Subsidizing Development

To the Editor:

God bless Daniel Maxwell (“Memorial Day Also For the Newtown That Once Was,” Letter Hive, June 3). A young gentleman comes home to Newtown and goads us who are in danger of getting used to injustice.

Developers and their enablers — the realtors, builders, and property owners who sell to them — are hurting our town by covering open space with oversized houses. They are doing it at our expense, which means that they are living on what outraged conservatives used to call Welfare.

They should be, in the words of the young gentleman, ashamed of themselves. Not only for building ugly, oversized houses. But also for getting rich on money that the rest of us pay in property taxes to educate the children that end up living in the oversized houses they sell. Our tax dollars allow them to charge a ton of money for houses that devour open space, blight our roads, and degrade Newtown because the people who move in can afford that money, knowing their kids will get a nice free education — courtesy of the town’s citizens already here.

We are subsidizing the developers’ profits. They are ripping the town off in the name of free enterprise. The developers trumpeted two arguments in the past. Property rights and jobs. We own it. It’s the “American Way.” No one can tell us how to profit by it.

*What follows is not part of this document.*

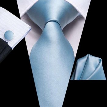 Light Blue Solid Silk Tie Set with Handkerchief and Cufflinks
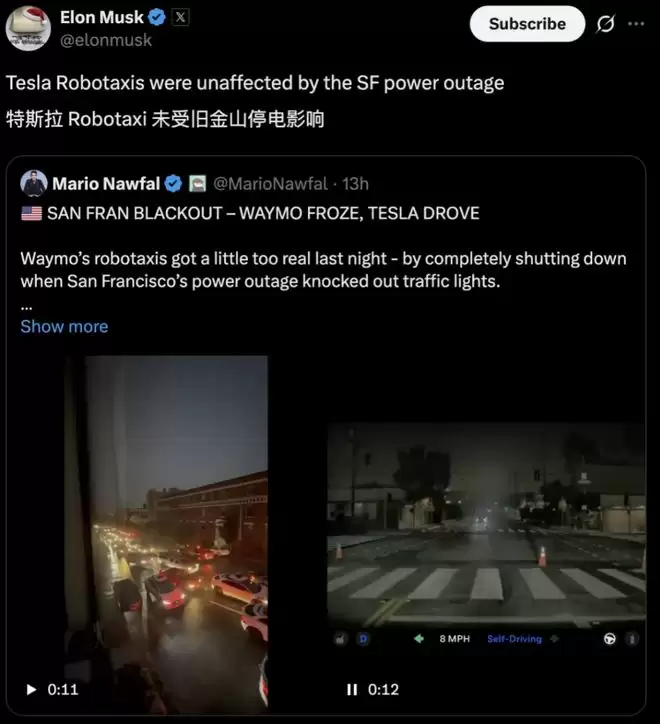 旧金山停电引发Waymo混乱,特斯拉自动驾驶应对更胜一筹

But can’t we ask them to stop profiting on our taxes? Every time they build a house our taxes go up. Why? Because they are not paying their way. They are building houses that will cost their neighbors more than the new occupants will pay in taxes. I’m a neighbor and I’m tired of the developers ruining the landscape and making me pay for it. Thank you, Daniel Maxwell, for reminding me. How wonderful to have a clear eye from a temporary traveler who’s come home to remind us that Newtown was wonderful — and can still be saved, if citizens and government unite to take action.

As for the sorry old lie about jobs, the only Newtown residents who can afford to stay in town and work at the building crafts are blessed with parents already here. There isn’t a younger carpenter, or electrician or plumber or stonemason working on one of the monstrosities today who could buy a house in this town.

What do we do? We cannot assume that people who build monstrosities are themselves monsters. In some cases they are our neighbors, too. On the other hand, we have to do something to protect our town from them.

Let me make a few modest proposals that could easily implemented by a bold and brave town government. (Which we have, incidentally. If you doubt that take a close look at Fairfield Hills, note the sheer size of the buildings, and realize how bold and how brave Newtown’s government was to seize an opportunity for generations to come.)

Here are my modest proposals:

1. Offer tax rebates to property buyers who preserve an old house.

2. Developers, builders, and realtors will pay the difference between property taxes and the actual cost of sending 2.5 kids to our free schools for 12 years. (Presumably they will charge the buyer.) That money will go directly into the school budget.

3. Conversely, if property owners donate land for open space instead of developing it, they pay no property taxes on their homes for 12 years, in addition to the write-off they already get on their state and federal taxes.

4. Levy a 15 percent property tax surcharge, yearly, on new homes that exceed 5,000 square feet. That money goes to the open space purchase fund. (This last one is kind of fun, in addition to both curbing excess and helping open land. There are people, the sort who park a Hummer in the driveway, who might regard their tax surcharge as a badge of honor. If the 15 percent property tax surcharge becomes a status symbol, the town can raise it until people get rational.)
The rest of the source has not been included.